### Material supplied
........
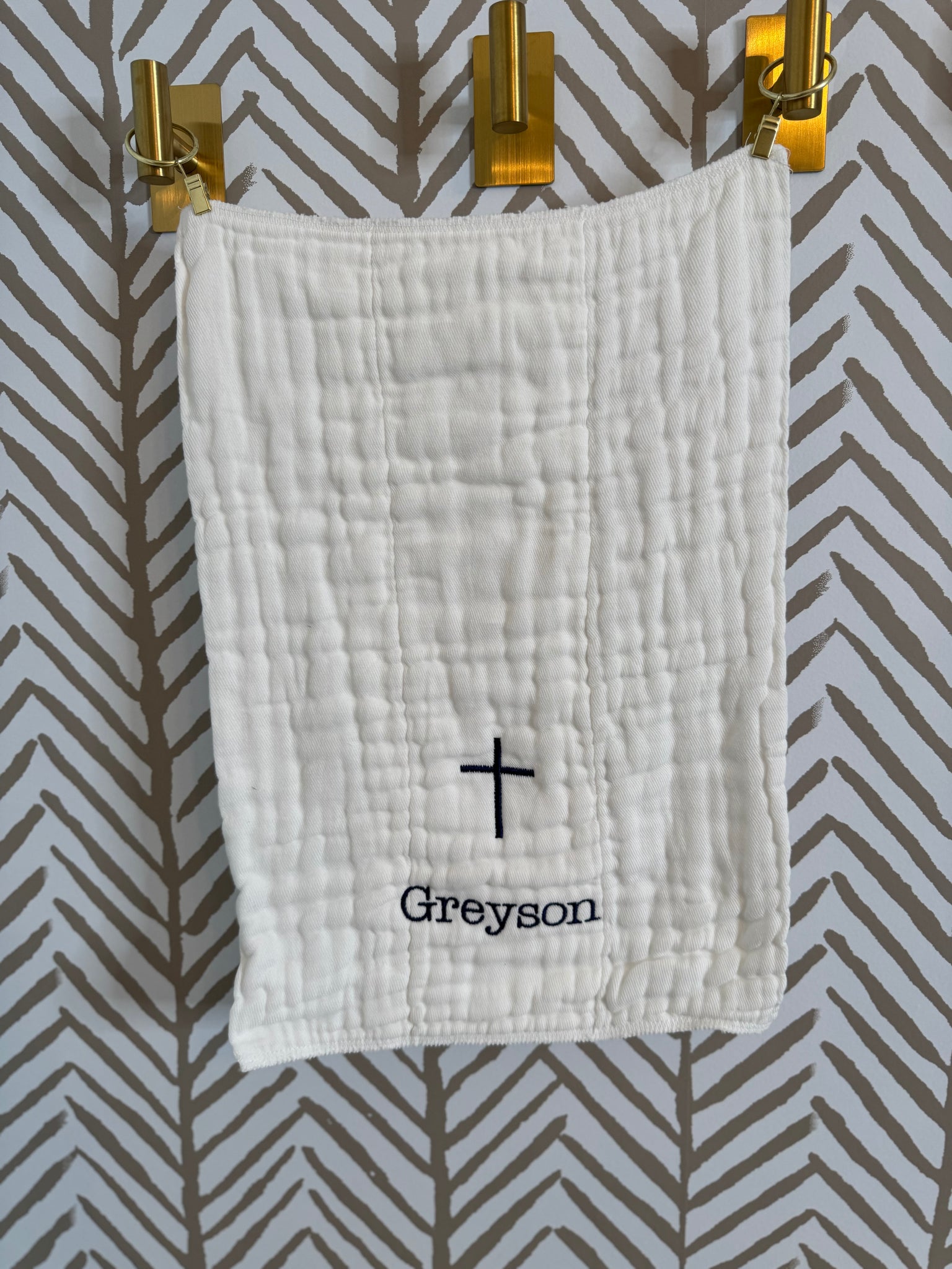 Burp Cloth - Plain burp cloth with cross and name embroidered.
........
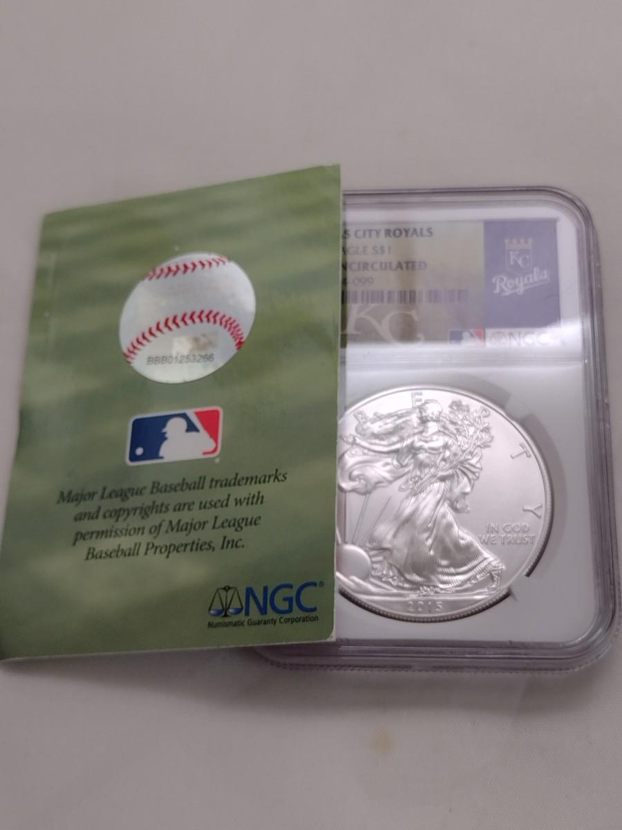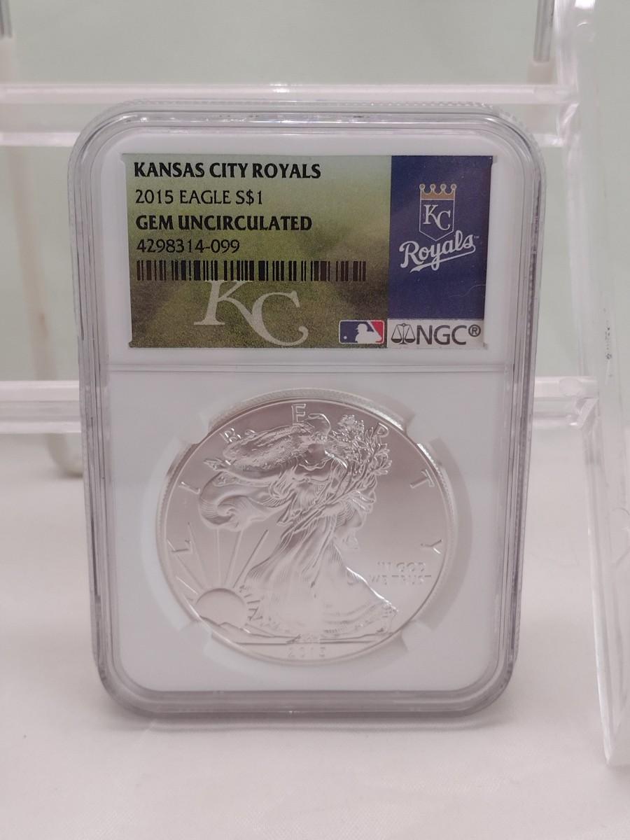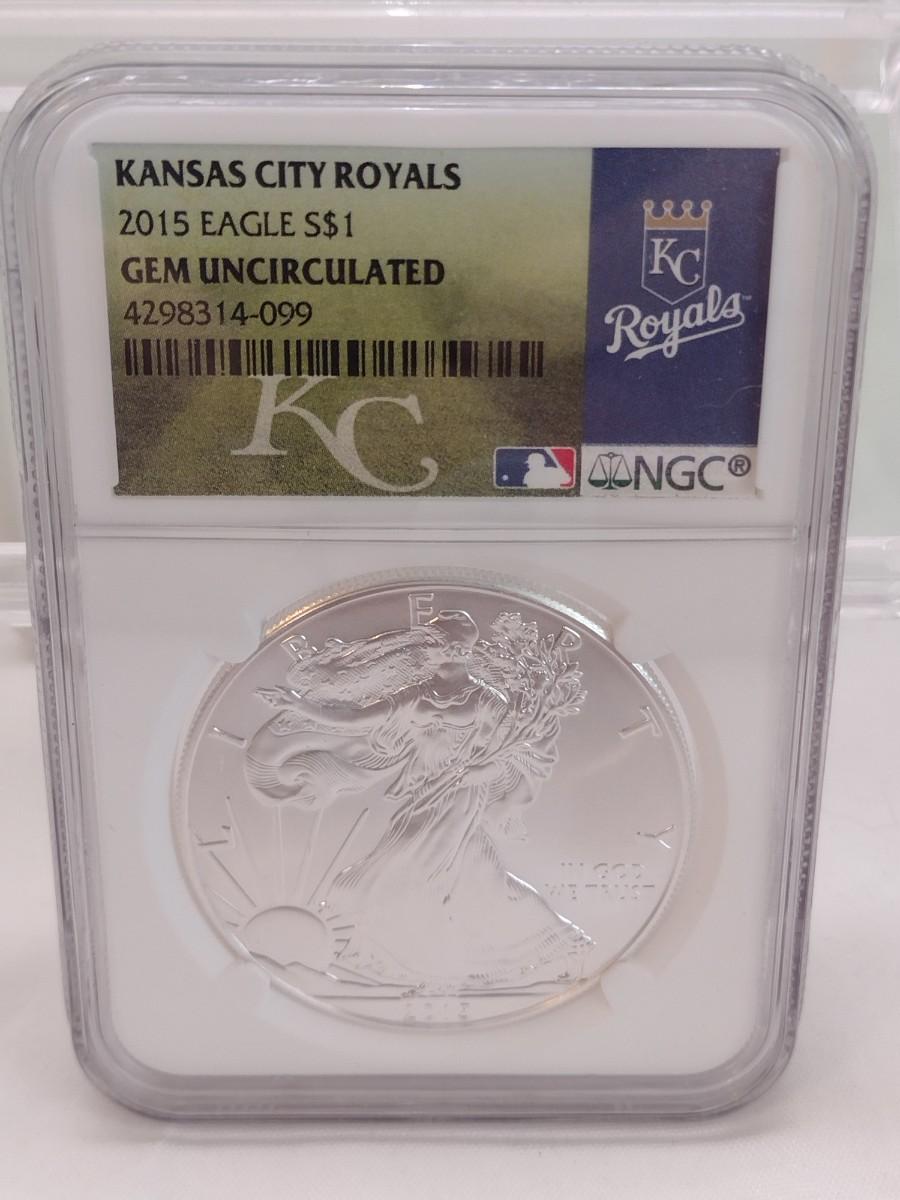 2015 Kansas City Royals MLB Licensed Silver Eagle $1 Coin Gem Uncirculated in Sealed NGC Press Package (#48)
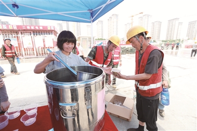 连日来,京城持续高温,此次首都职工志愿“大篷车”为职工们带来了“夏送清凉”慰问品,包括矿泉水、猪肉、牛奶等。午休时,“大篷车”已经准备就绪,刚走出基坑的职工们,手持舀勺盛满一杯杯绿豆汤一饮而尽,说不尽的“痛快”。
........
When you reach the line holding "2015 Kansas City" in the listing above, begin retyping exactly, and stop once the line holding "连日来,京城持续高温,此次首" is done; pictures stay out.

 2015 Kansas City Royals MLB Licensed Silver Eagle $1 Coin Gem Uncirculated in Sealed NGC Press Package (#48)
 连日来,京城持续高温,此次首都职工志愿“大篷车”为职工们带来了“夏送清凉”慰问品,包括矿泉水、猪肉、牛奶等。午休时,“大篷车”已经准备就绪,刚走出基坑的职工们,手持舀勺盛满一杯杯绿豆汤一饮而尽,说不尽的“痛快”。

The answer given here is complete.